Electroencephalography (EEG) is widely used in neuroscience and clinical applications but is constrained by data scarcity, high variability, and noise. Deep generative models offer a solution by synthesizing realistic EEG data to augment datasets, improving generalization. However, existing approaches—such as GANs, diffusion models, and masked autoencoders—generate entire sequences at once instead of preserving EEG’s causal structure. This research introduces causal generative modeling as a biologically consistent alternative, leveraging recursive transformers and iterative diffusion-based refinement for sample-efficient and scalable EEG synthesis.
This study addresses three key challenges in EEG generation: (1) modeling EEG variability within a causal framework, (2) improving data efficiency while maintaining generative quality, and (3) integrating diffusion-based iterative refinement into autoregressive modeling. The proposed approach reframes the transformer’s residual pathway as the core computational structure, incorporating progressive weight-sharing across recursive steps to reduce model size and improve sample efficiency.
The model will be evaluated using likelihood-based metrics, statistical comparisons with real EEG distributions, and downstream classification tasks to ensure alignment with real-world EEG characteristics. Ablation studies will assess trade-offs between recursive weight-sharing, model complexity, and synthesis quality. By strictly enforcing temporal causality, this approach enables realistic EEG synthesis for applications such as privacy-preserving clinical data augmentation, synthetic patient modeling for clinical trials, counterfactual EEG generation, and adaptive neurofeedback.

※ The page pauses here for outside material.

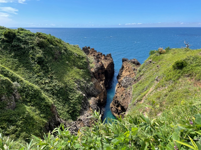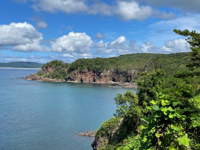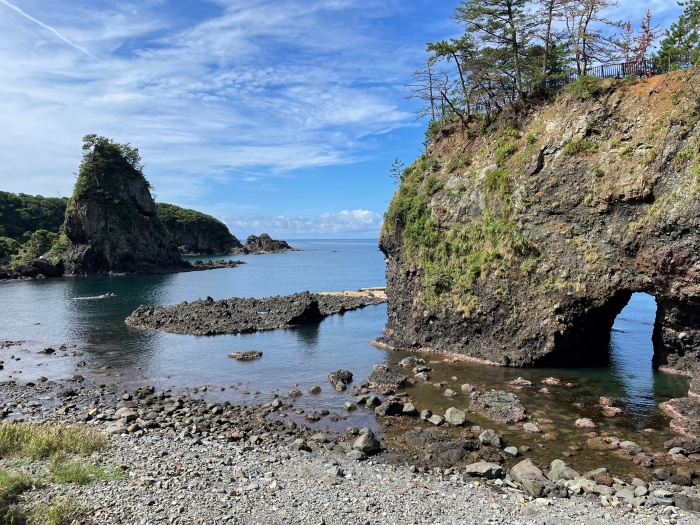 猪鼻岬(いのはなみさき)が見えるお店でソフトクリームを頂きました。お店のおばさんから地震時のお話を聞きました。もう営業には全く影響無いので、この綺麗な景色を是非見に行って欲しいです。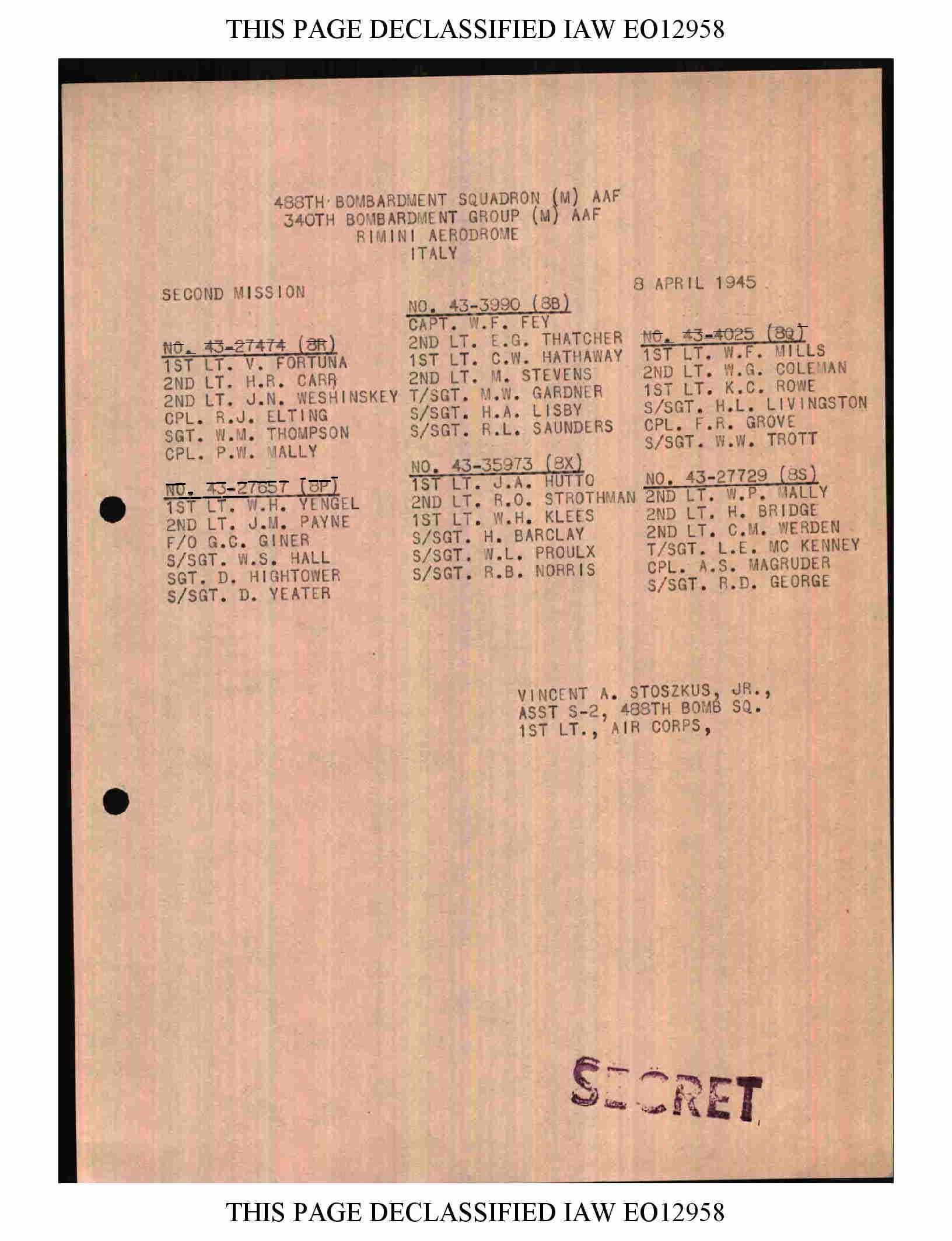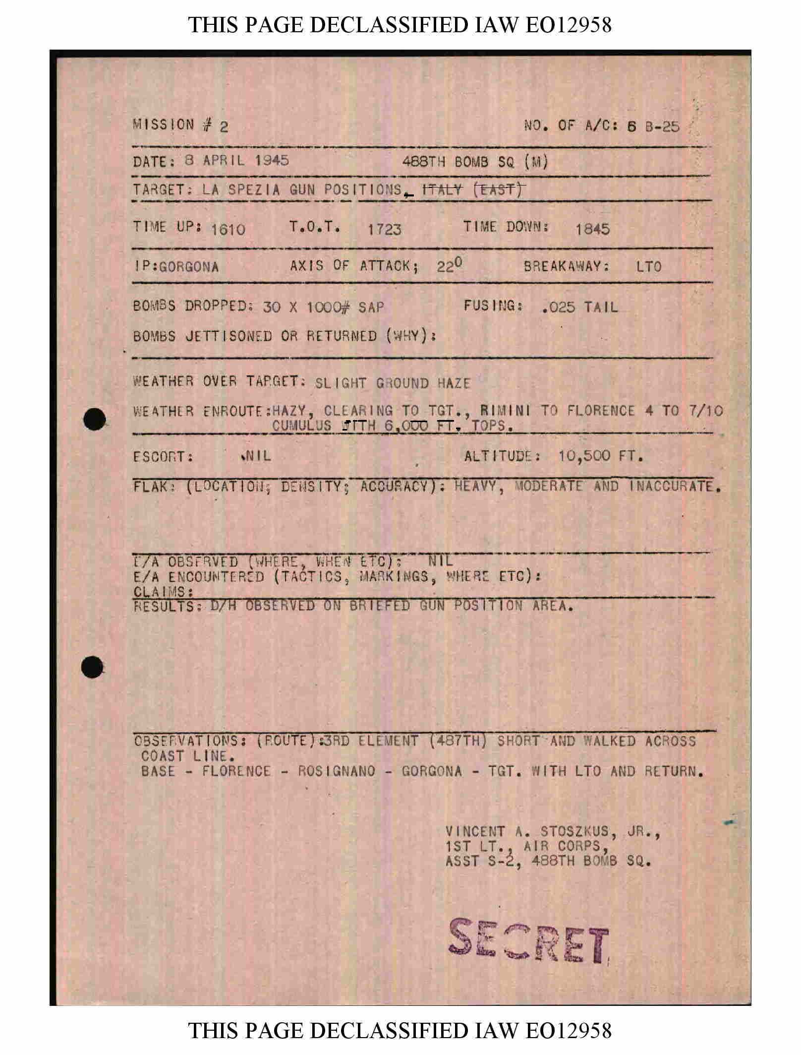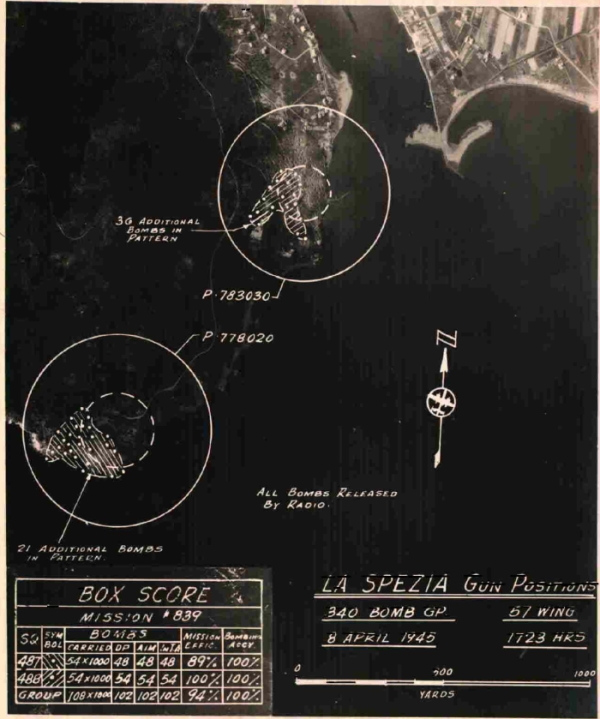 | 487th | La Spezia Coastal Defense Guns - 9 Ships. Pattern hit left side of gun positions. Inaccurate flak was encountered. |

More importantly, it enables training on synthetic data for solving downstream tasks in fields such as brain-computer interfacing, event-related potentials and sleep state prediction.
Beyond neuroscience, this research advances AI-driven time-series modeling by integrating recursive transformers with diffusion-based refinement, improving data efficiency in sequential learning. This approach strengthens both foundational AI methodologies and biomedical applications while offering broader implications for speech processing, NLP, and time-series forecasting, where preserving stepwise dependencies is essential for realistic synthesis and prediction.